Brad Johnson has an important piece at Think Progress documenting the process conservatives used to disseminate this misleading talking point:

STEP ONE: "News" generated by right-wing think tank.

STEP TWO: Right-wing print journalists write "breaking news" story.

STEP THREE: Promoted by Drudge, story repeated endlessly on right-wing blogs, Twitter, and talk radio.

STEP FOUR: Republican politicians, right-wing think tanks, and polluter front groups release statements of shock and outrage.

STEP FIVE: On Fox News, Glenn Beck calls President Obama a liar/socialist/Marxist/communist/fascist/racist.

Reading Brad's meticulous documentation of how this meme was disseminated, I realized that they are setting this up to be one of the major talking points in the fight against clean energy legislation in the months to come. From the looks of things, marching orders have already gone out. Eight Republican elected officials, several of whom are in leadership positions, have already begun parroting this talking point:
  • Senator Lamar Alexander issued a press release saying "American families can't afford a new $1,761 yearly energy tax."
  • Senator James Inhofe issued a press release claiming that "the President's own economic team said his cap-and-trade proposal would cost each family $1,761 per year."
  • Senator Lisa Murkowski issued a press release stating that "At the upper end of the administration's estimate, the cost per American household would be $1,761 a year, on top of what they already pay in taxes to the government."
  • 2008 also-ran Mitt Romney told the crowd at the conservative Value Voters Summit on Saturday that the clean energy legislation "would cost the average American family $1,761 a year, the equivalent to a 15% income tax hike."
  • Representative Roy Blunt tweeted: "CBS reports the Obama Admin privately concluded cap & trade could cost families $1,761 a year. Same as a 15% personal income tax increase."
  • Representative Fred Upton fired off a letter, which cites the $1700 figure, accusing the Treasury Department of censoring information in the FOIA release.
  • House Minority Leader John Boehner said on PBS' NewsHour: "It's a cap-and-trade proposal that came through the House that we now find out from the Treasury Department would cost each American family over $1,700 per year."
  • House Republican Conference Chairman Mike Pence copied-and-pasted the wholly discredited CBS blog post where the $1,761 figure originated into an email to supporters.
These eight Republican politicians either think you are too stupid or too lazy to do even the most cursory fact-checking research on their increasingly hysterical claims. Tellingly, four of the eight -- Alexander, Inhofe, Boehner and Pence -- were also heavily involved in promoting another intentionally misinterpreted study claiming the legislation would cost each household $3,100 per year.

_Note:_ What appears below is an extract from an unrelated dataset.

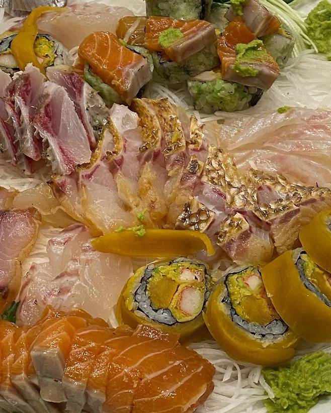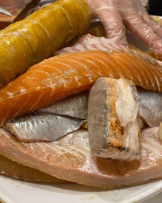 기존 하얗고 빨간 회들과는 달리, 된장 숙성 회라 노르스름한 빛깔을 자랑하는 묵호회집의 숙성 회. 큰 회를 직접 가지고 오시는 셰프님의 모습에 1차로 놀라고, 생경한 색감에 2차로 놀랄 것이다. 하지만 셰프님이 앞에서 바로바로 썰어주시는 회를 맛보게 되면 이 놀라움이 감탄의 연속으로 바뀌게 되는 건 시간문제. 큰 사이즈로 회를 숭덩숭덩 잘라주시는데, 큰 사이즈임에도 질기지 않고 입에 넣자마자 사르르 녹는 것이 또 하나의 감동 포인트다. 이곳은 회로 만든 롤과 연어 머리 튀김도 맛있는데 여기에 더해 기본안주로 나오는 시사모구이, 대구알, 구운 마늘, 은행, 호두까지 어느 하나 맛없는 메뉴가 없다. 기본안주만으로도 술 한 병은 마실 수 있다고. 가을맞이 ‘완벽한 회'와 맛있는 술을 함께하고 싶다면 고민 없이 ‘묵호회집'을 선택하길 바란다.

These staunch advocates of the status quo are grasping at increasingly ludicrous straws in their attempts to make Americans afraid of meaningful reform. When your position is based on ignoring science to prop up polluting industries, you have little choice but to cite misleading statistics to make your point. The problem for opponents of clean energy reform is that when Americans know the truth about the full range of costs and benefits associated with the legislation, they overwhelmingly approve -- even in districts that are generally considered conservative. As long as we don't let manufactured lies dominate the debate, support will remain strong and we'll pass legislation in the next few months.